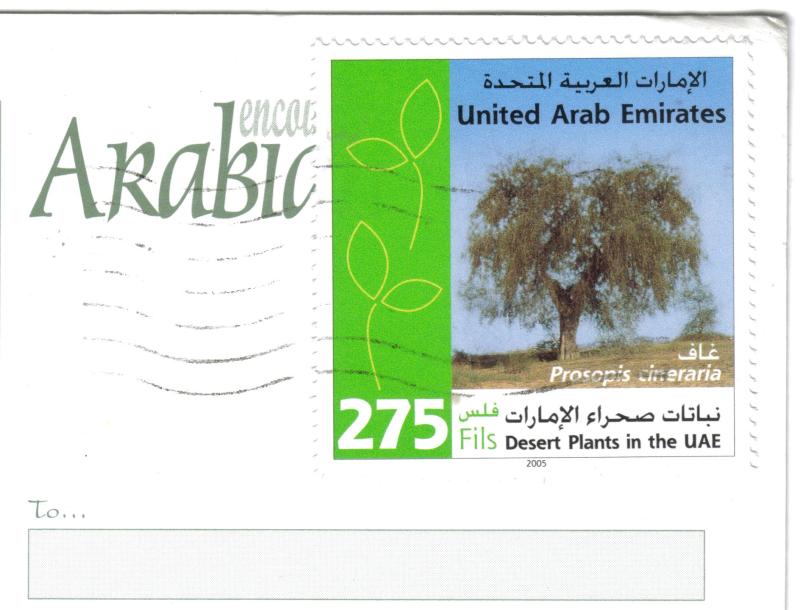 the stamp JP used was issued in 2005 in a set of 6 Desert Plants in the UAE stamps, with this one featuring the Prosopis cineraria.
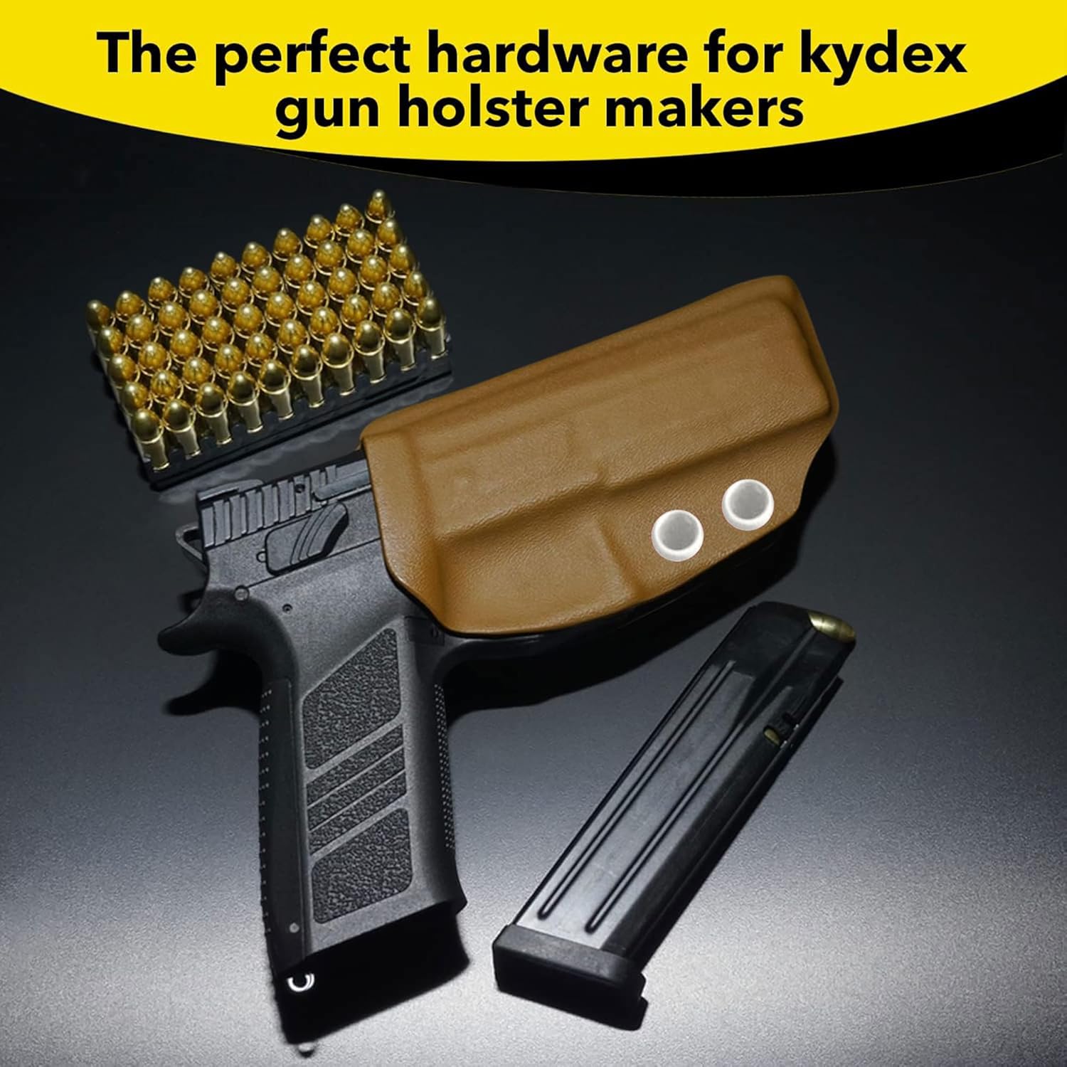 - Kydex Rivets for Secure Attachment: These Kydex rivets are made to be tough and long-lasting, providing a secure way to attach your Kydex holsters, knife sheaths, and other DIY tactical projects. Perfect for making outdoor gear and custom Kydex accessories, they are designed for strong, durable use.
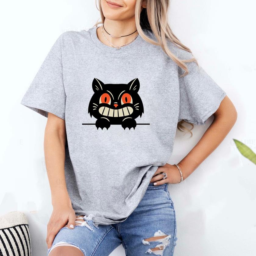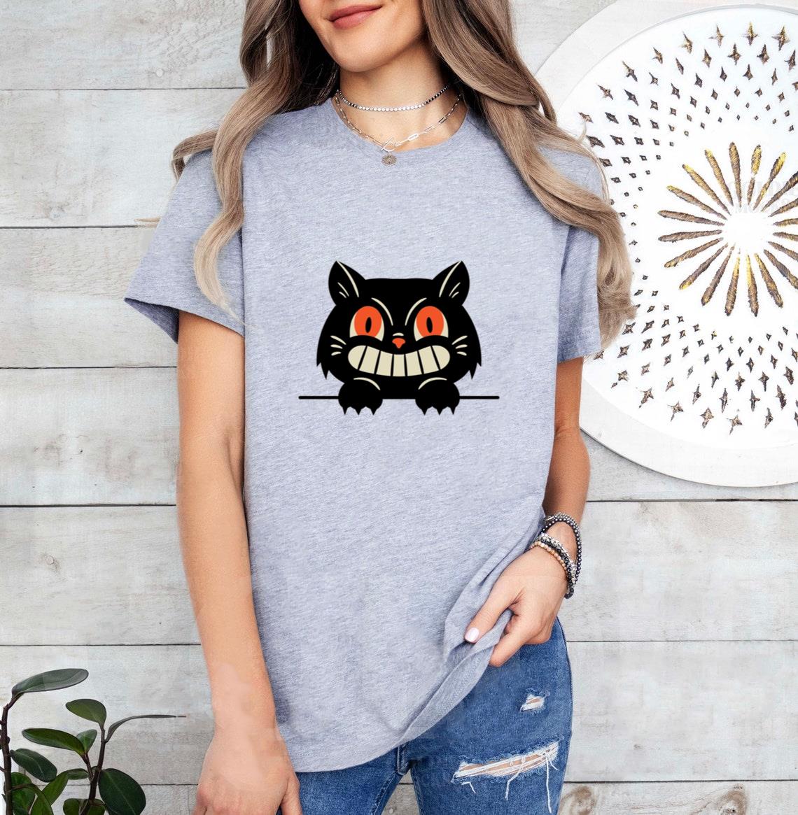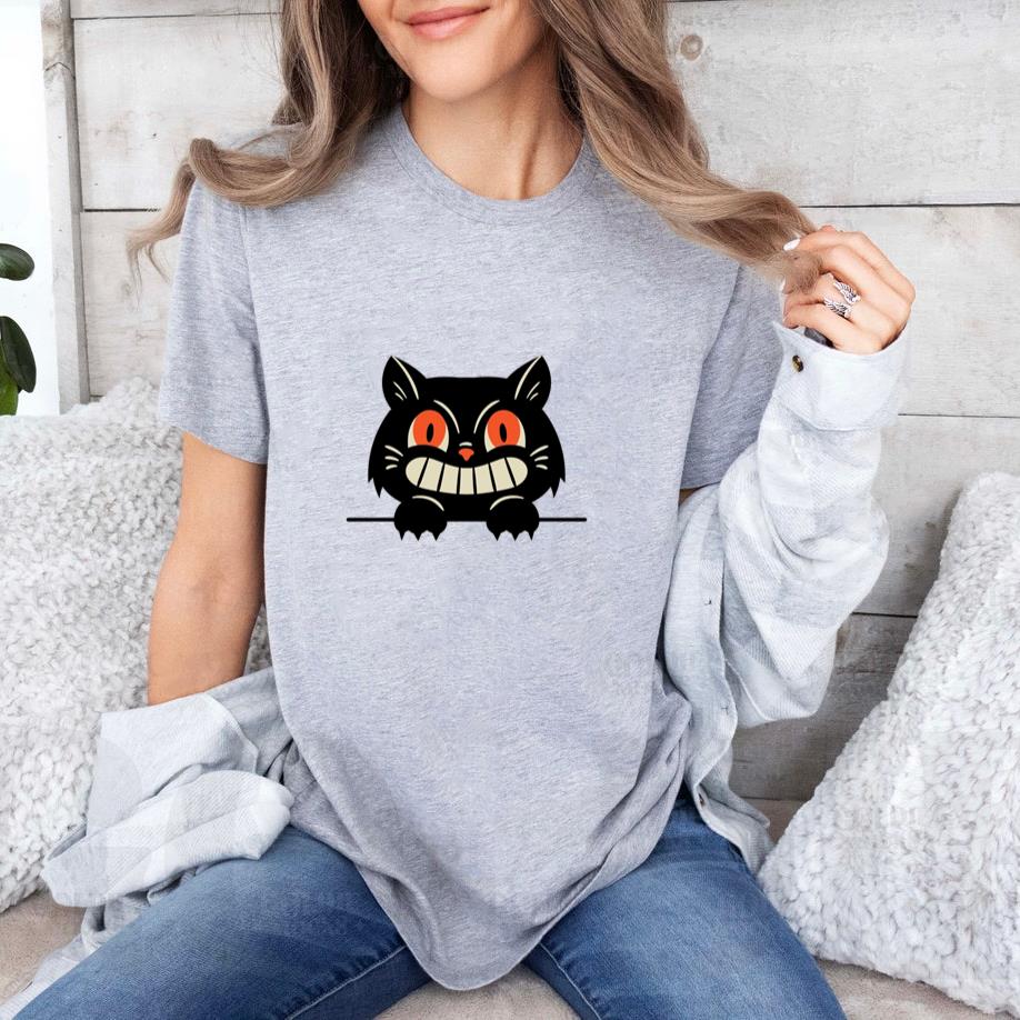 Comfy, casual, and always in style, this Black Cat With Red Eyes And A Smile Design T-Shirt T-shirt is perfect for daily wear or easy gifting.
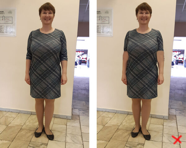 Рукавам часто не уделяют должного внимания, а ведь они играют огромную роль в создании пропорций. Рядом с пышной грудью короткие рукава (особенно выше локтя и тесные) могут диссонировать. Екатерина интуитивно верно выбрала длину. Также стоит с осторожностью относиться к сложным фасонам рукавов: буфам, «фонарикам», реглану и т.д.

§ Work required
Please copy the data above word for word, but only from the line that contains "Comfy, casual, and" through the final line, both included, and without the pictures.

§ Task answer
 Comfy, casual, and always in style, this Black Cat With Red Eyes And A Smile Design T-Shirt T-shirt is perfect for daily wear or easy gifting.
 Рукавам часто не уделяют должного внимания, а ведь они играют огромную роль в создании пропорций. Рядом с пышной грудью короткие рукава (особенно выше локтя и тесные) могут диссонировать. Екатерина интуитивно верно выбрала длину. Также стоит с осторожностью относиться к сложным фасонам рукавов: буфам, «фонарикам», реглану и т.д.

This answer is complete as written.